──────── SOURCE INFORMATION ────────
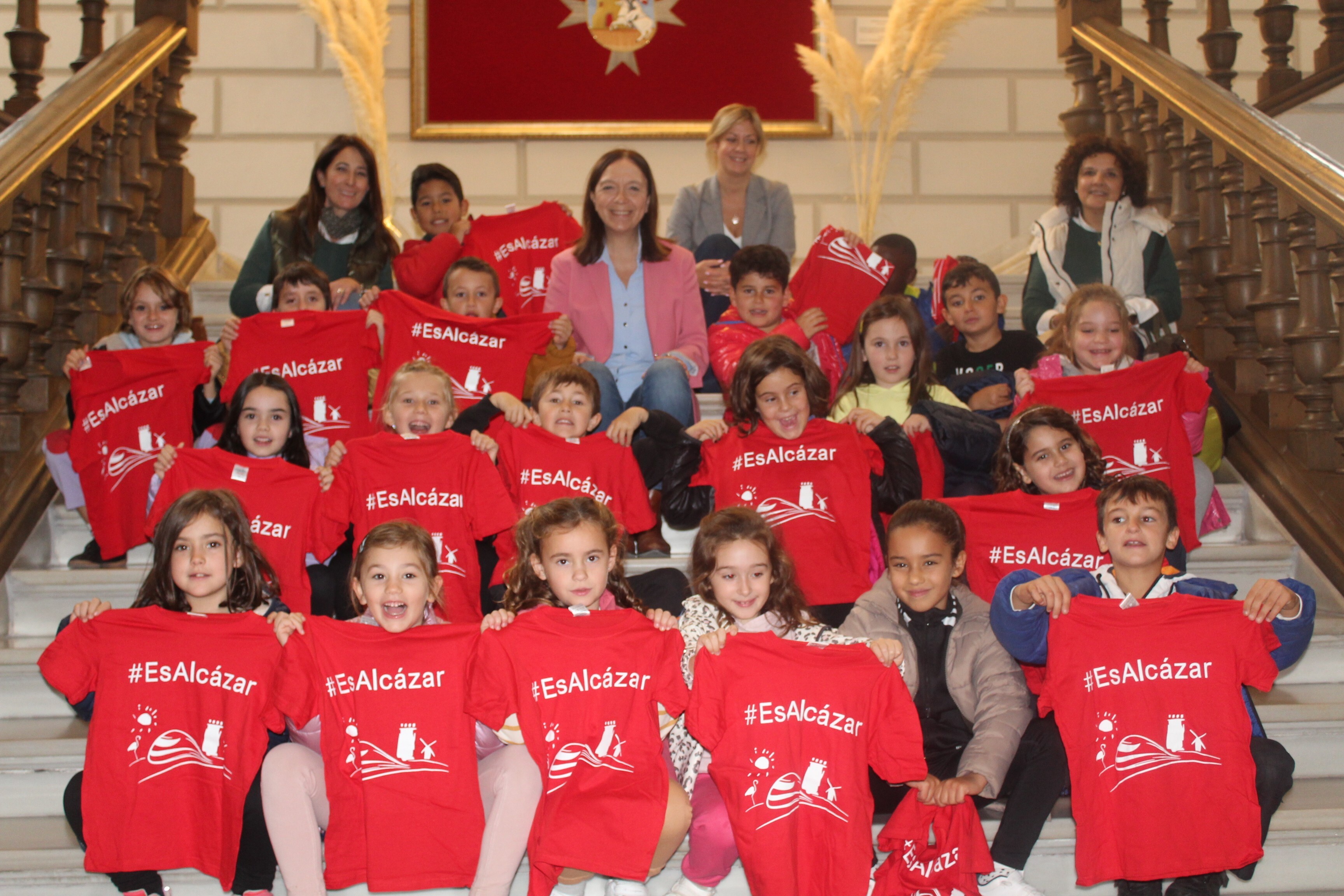 Para finalizar, Rosa Melchor y Ana Isabel Abengózar entregaron, tanto al alumnado como a las dos profesoras acompañantes, las camisetas institucionales de color rojo con el hashtag #esAlcázar.
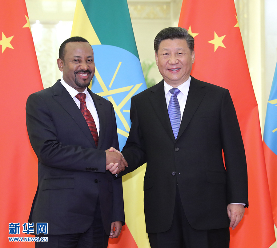 4月24日,國家主席習近平在北京人民大會堂會見埃塞俄比亞總理阿比。 新華社記者 丁林 攝
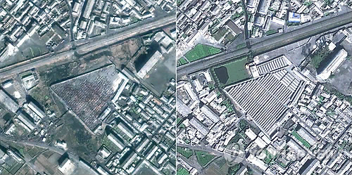 | △ 북한 장마당 몇년 새 급속 확장 (서울=연합뉴스) 미국의 자유아시아방송은 13일 북한의 강원도와 황해도 등에 위치한 북한 지역의 장마당이 최근 몇 년 사이 크게 확장된 것으로 보이는 구글어스 위성사진을 소개했다. 사진은 북한 강원도 원산시 장마당의 2002년(왼쪽)과 2009년의 달라진 모습 원산시에서 가장 큰 규모인 이 장마당을 2002년 당시의 위성사진과 비교해 보면 7년 사이 곳곳에 건물이 빼곡히 들어서고 도로가 정비돼 있는 등 복잡한 도시로 변신해 있다. 2011.4.13 <<사진=자유아시아방송(RFA) 제공>> |
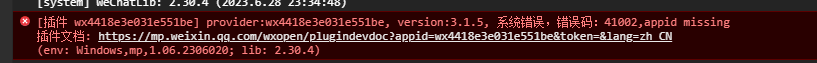 提示很明显:插件id错误,是不是小程序的id作为插件id在使用。
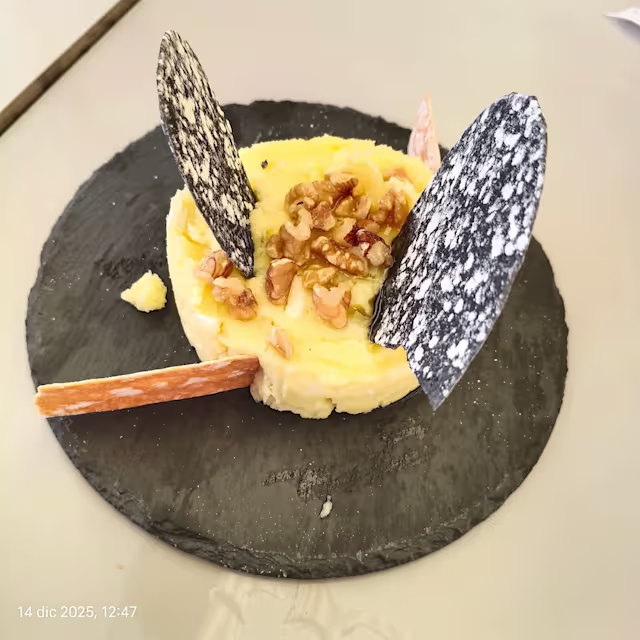 - Selección de jamón curado y quesos variados, servidos para compartir
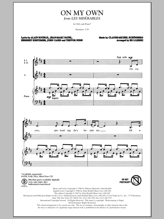 Download or print Boublil and Schonberg On My Own (from Les Miserables) (arr. Ed Lojeski) sheet music, chords and digital score arranged for SSA Choir. This Broadway score includes 8 page(s).
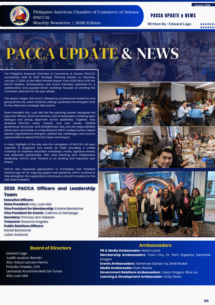 The Philippine American Chamber of Commerce of Arizona (PACCA) successfully held its 2026 Strategic Planning Session on Saturday, January 17, 2026, at the Hilton Phoenix Airport.
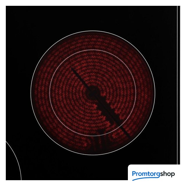 | Подробная информация о конфорках | Дальняя левая: 165 мм * 1,2 кВт; Ближняя левая: 200 мм * 1,8 кВт; Центральная правая: 120/200 мм * 1/2 кВт |
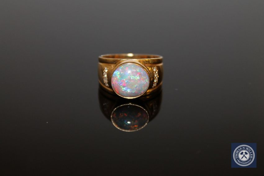 An 18ct gold opal and diamond ring, the oval cabochon white opal in a rubbed over setting, the shoulders set with eight brilliant-cut diamonds with a total weight of 0.08 carat, of G/H colour and VS-SI3 clarity, with certification, size Q1/2
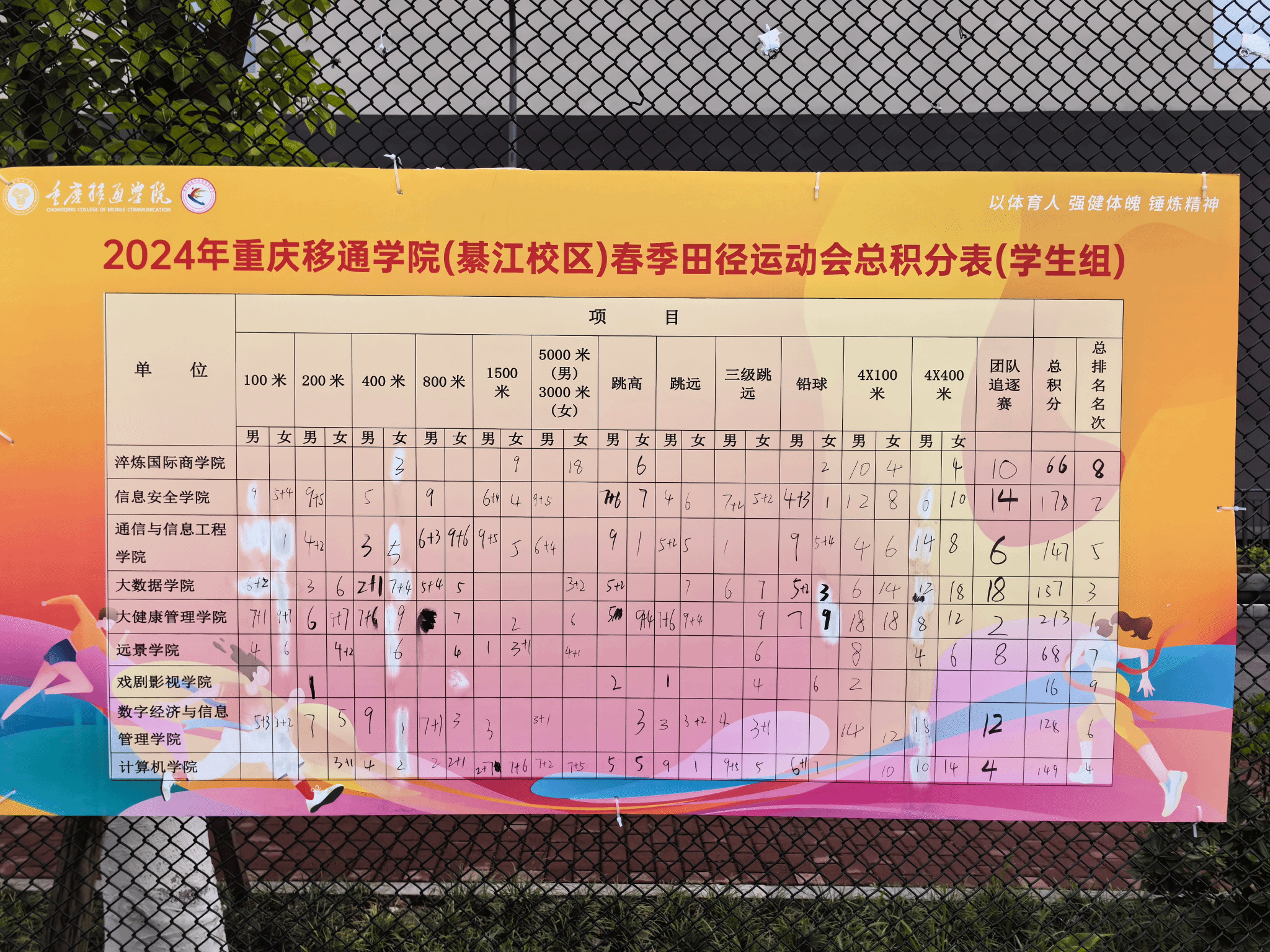 在本次运动会的团体比赛中,计算机学院同样取得良绩。2024年春季田径运动会计算机学院获奖情况如下:
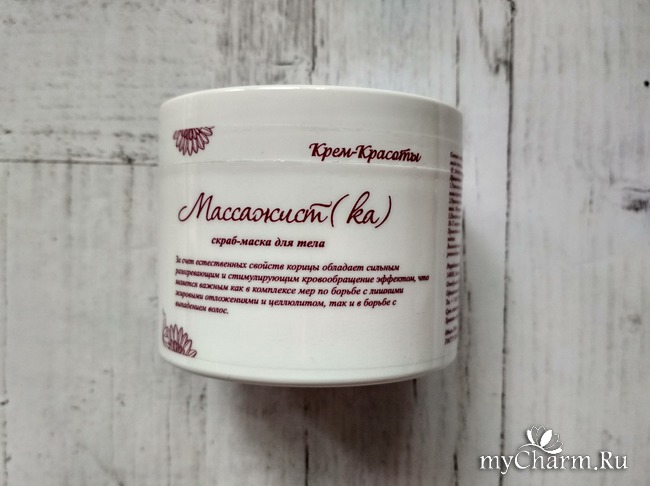 Скраб-маска «Массажист (ка)» представлена в небольшой баночке, объем которой составляет 250 мл. Изначально баночка защищена от вскрытий приклеенной этикеткой. Срок хранения средства составляет всего три месяца, ведь его состав полностью натурален. Все компоненты в скрабе-маске применяются в уходе как за волосами, так и за телом. Например, экстракты водорослей (фукуса и ламинарии) прекрасно укрепляют локоны, придают им блеска и предотвращают выпадение. В уходе за телом эти же составляющие устраняют дряблость, помогают разгладить и подтянуть кожу. Корица и ее эфирное масло ускоряют рост волос, а в уходе за кожей эффективно помогают в борьбе с целлюлитом: все это достигается благодаря разогревающим и стимулирующим кровоток свойствам этих компонентов. Белая косметическая глина отлично очищает и кожу головы, и кожу тела, тем самым способствует быстрой регенерации клеток. Именно поэтому применять скраб-маску «Массажист (ка)» можно тремя разными способами:
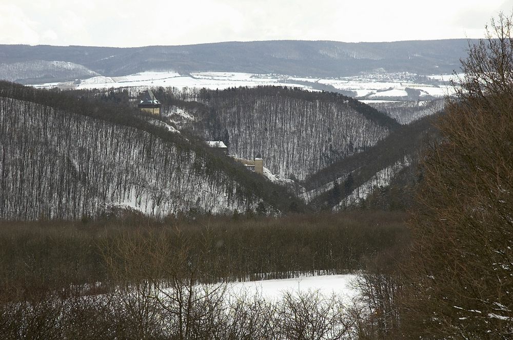 ...Karlštejn v dáli a z podhradí...
────────
What is needed is every record above, returned exactly, with the pictures omitted.

**RESPONSE FOR THIS EXERCISE:**
 Para finalizar, Rosa Melchor y Ana Isabel Abengózar entregaron, tanto al alumnado como a las dos profesoras acompañantes, las camisetas institucionales de color rojo con el hashtag #esAlcázar.
 4月24日,國家主席習近平在北京人民大會堂會見埃塞俄比亞總理阿比。 新華社記者 丁林 攝
 | △ 북한 장마당 몇년 새 급속 확장 (서울=연합뉴스) 미국의 자유아시아방송은 13일 북한의 강원도와 황해도 등에 위치한 북한 지역의 장마당이 최근 몇 년 사이 크게 확장된 것으로 보이는 구글어스 위성사진을 소개했다. 사진은 북한 강원도 원산시 장마당의 2002년(왼쪽)과 2009년의 달라진 모습 원산시에서 가장 큰 규모인 이 장마당을 2002년 당시의 위성사진과 비교해 보면 7년 사이 곳곳에 건물이 빼곡히 들어서고 도로가 정비돼 있는 등 복잡한 도시로 변신해 있다. 2011.4.13 <<사진=자유아시아방송(RFA) 제공>> |
 提示很明显:插件id错误,是不是小程序的id作为插件id在使用。
 - Selección de jamón curado y quesos variados, servidos para compartir
 Download or print Boublil and Schonberg On My Own (from Les Miserables) (arr. Ed Lojeski) sheet music, chords and digital score arranged for SSA Choir. This Broadway score includes 8 page(s).
 The Philippine American Chamber of Commerce of Arizona (PACCA) successfully held its 2026 Strategic Planning Session on Saturday, January 17, 2026, at the Hilton Phoenix Airport.
 | Подробная информация о конфорках | Дальняя левая: 165 мм * 1,2 кВт; Ближняя левая: 200 мм * 1,8 кВт; Центральная правая: 120/200 мм * 1/2 кВт |
 An 18ct gold opal and diamond ring, the oval cabochon white opal in a rubbed over setting, the shoulders set with eight brilliant-cut diamonds with a total weight of 0.08 carat, of G/H colour and VS-SI3 clarity, with certification, size Q1/2
 在本次运动会的团体比赛中,计算机学院同样取得良绩。2024年春季田径运动会计算机学院获奖情况如下:
 Скраб-маска «Массажист (ка)» представлена в небольшой баночке, объем которой составляет 250 мл. Изначально баночка защищена от вскрытий приклеенной этикеткой. Срок хранения средства составляет всего три месяца, ведь его состав полностью натурален. Все компоненты в скрабе-маске применяются в уходе как за волосами, так и за телом. Например, экстракты водорослей (фукуса и ламинарии) прекрасно укрепляют локоны, придают им блеска и предотвращают выпадение. В уходе за телом эти же составляющие устраняют дряблость, помогают разгладить и подтянуть кожу. Корица и ее эфирное масло ускоряют рост волос, а в уходе за кожей эффективно помогают в борьбе с целлюлитом: все это достигается благодаря разогревающим и стимулирующим кровоток свойствам этих компонентов. Белая косметическая глина отлично очищает и кожу головы, и кожу тела, тем самым способствует быстрой регенерации клеток. Именно поэтому применять скраб-маску «Массажист (ка)» можно тремя разными способами:
 ...Karlštejn v dáli a z podhradí...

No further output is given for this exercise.